People coped so hard when it comes to this guy. I knew he was terachad from beginning. Only now recently was first proper tinder experiment done with him. He brutally mogged psl gods also. And it was done with average pics of him jfl. Prince pheno which is ideal while also looking like a slayer. I simply know girl would have crazy reactions to him in schools and irl. Another undeniable terachad











Jorge Del Rio
Third one is more of a personal opinion but since I know what appeals to females I know he would be unstoppable irl. Another reason for including him is that for a while when his pics were just made he was litteraly everywhere and no one knew who he even was and all jbs were foaming over him and posted him all over social media. I knew him before I knew psl and I instinctively knew he was terachad. I simply can't imagine him ever failing irl






Remember this is what males with infinite smv and appeal actually look like. Thank me later for freeing you from psl autism brainwashing jfl


----------



## Haven (Aug 10, 2021)

LocalDanger said:


> Appeal to prime women is what matters everything else is irrelevant. Psl austism is just that autism nothing more.
> 
> Also these are man who would be terachads with no status halo. That's why Zyan or Biber didn't make the cut. While they would be chads irl I can't imagine them being terachads without fame. Real terachads mog hard.
> 
> ...


Another autistic shit thread the first too guys are being mogged by psl god the real ones


----------



## Haven (Aug 10, 2021)

Maybe thw last guy is a psl god too


----------



## JamesHowlett (Aug 10, 2021)

Legit, thinking girls would prefer O’Pry or Barret is comedy gold


----------



## LocalDanger (Aug 10, 2021)

Haven said:


> Another autistic shit thread the first too guys are being mogged by psl god the real ones


You have been brainwashed sorry.
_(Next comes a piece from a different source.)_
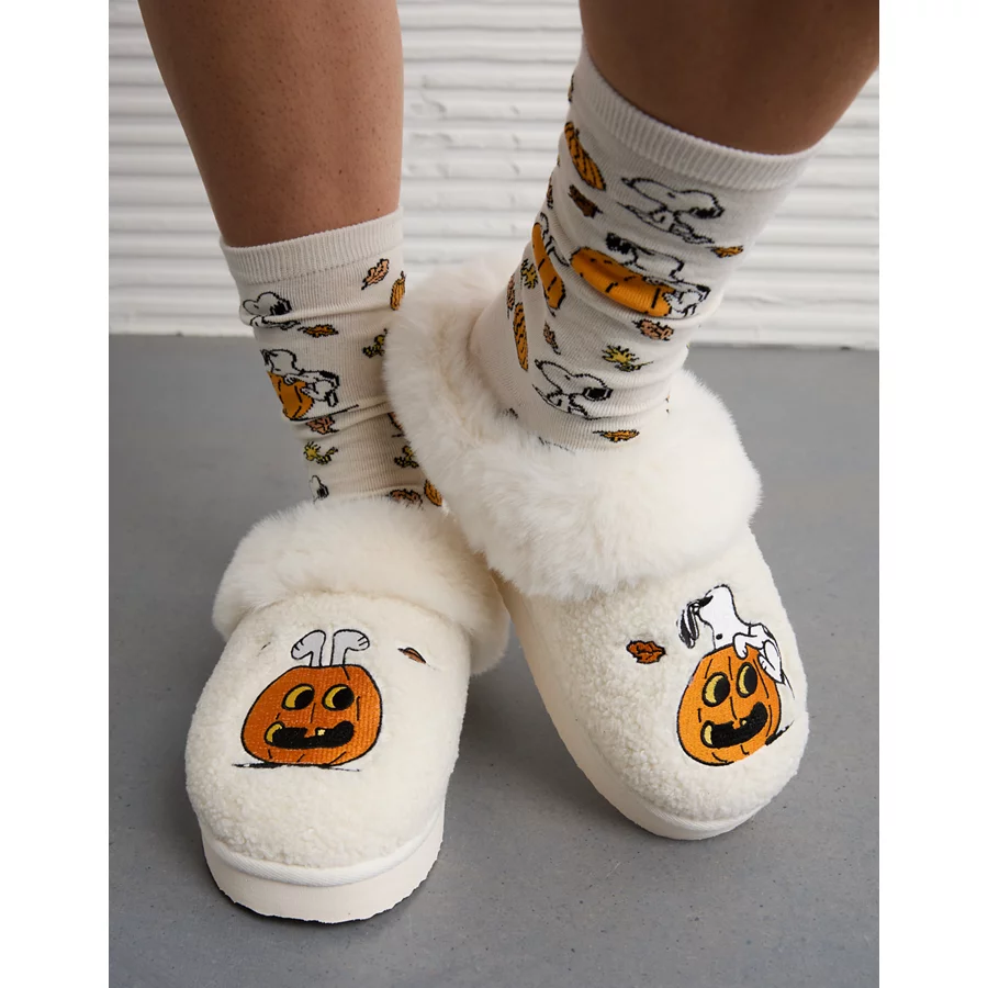 AE Snoopy Pumpkin Scuff Slipper – Ivory

No need to cope. They wiped the floor with psl gods on tinder. So no what autists like you think doesn't equal actual appeal to females


----------



## Deleted member 7044 (Aug 10, 2021)

i love discussing the sexual appeal of other men, definitely not gay at all


----------



## Haven (Aug 10, 2021)

LocalDanger said:


> You have been brainwashed sorry. No need to cope. They wiped the floor with psl gods on tinder. So no what autists like you think doesn't equal actual appeal to females


Nah you are the autistic one that thinks that this guys mog o pry,cavill,pitt


----------



## LocalDanger (Aug 10, 2021)

Haven said:


> Nah you are the autistic one that thinks that this guys mog o pry,cavill,pitt


Jfl actual females show that they prefer these guys to Psl gods. But no what some shut in autists say matters more


----------



## LocalDanger (Aug 10, 2021)

itisogre said:


> i love discussing the sexual appeal of other men, definitely not gay at all


Well it's about understanding what females want. And completing looks theory.
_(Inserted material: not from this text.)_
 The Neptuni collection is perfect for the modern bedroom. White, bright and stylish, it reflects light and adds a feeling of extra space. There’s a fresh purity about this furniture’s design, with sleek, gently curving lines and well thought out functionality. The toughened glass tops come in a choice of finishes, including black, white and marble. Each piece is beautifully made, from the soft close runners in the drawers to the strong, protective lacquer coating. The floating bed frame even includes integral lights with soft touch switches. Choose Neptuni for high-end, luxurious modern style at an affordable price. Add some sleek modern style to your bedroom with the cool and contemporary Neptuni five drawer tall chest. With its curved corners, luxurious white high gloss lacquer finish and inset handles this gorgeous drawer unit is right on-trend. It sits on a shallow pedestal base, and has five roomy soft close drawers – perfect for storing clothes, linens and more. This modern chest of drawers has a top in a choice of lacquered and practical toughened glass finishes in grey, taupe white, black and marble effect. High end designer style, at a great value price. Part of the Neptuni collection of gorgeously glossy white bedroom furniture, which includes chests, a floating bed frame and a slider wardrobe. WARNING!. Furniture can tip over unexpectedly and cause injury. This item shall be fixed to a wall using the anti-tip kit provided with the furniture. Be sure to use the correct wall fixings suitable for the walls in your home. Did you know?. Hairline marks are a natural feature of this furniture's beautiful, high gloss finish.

I wouldn't care one bit about this and surgeries and what's ideal if it wasn't for women.

So no it's not gay at all


----------



## Haven (Aug 10, 2021)

LocalDanger said:


> Jfl actual females show that they prefer these guys to Psl gods. But no what some shut in autists say matters more


Copium women prefers psl gods


----------



## LocalDanger (Aug 10, 2021)

Haven said:


> Copium women prefers psl gods


Do you understand that Strjd wiped florr with them on tinder with actual females jfl. How can't you understand it matters much more than what autistic man think


----------



## Haven (Aug 10, 2021)

LocalDanger said:


> Do you understand that Strjd wiped florr with them on tinder with actual females jfl. How can't you understand it matters much more than what autistic man think


Didnt read i dont really care


----------



## LocalDanger (Aug 10, 2021)

Haven said:


> Didnt read i dont really care


Well don't comment then and only say that when you can't refute the arguments jfl


----------



## Haven (Aug 10, 2021)

LocalDanger said:


> Well don't comment then and only say that when you can't refute the arguments jfl


I dont read the other post because i know you are coping


----------



## LocalDanger (Aug 10, 2021)

Haven said:


> I dont read the other post because i know you are coping


Cope out read it all


----------



## Haven (Aug 10, 2021)

LocalDanger said:


> Cope out read it all





LocalDanger said:


> Do you understand that Strjd wiped florr with them on tinder with actual females jfl. How can't you understand it matters much more than what autistic man think







Your browser is not able to display this video.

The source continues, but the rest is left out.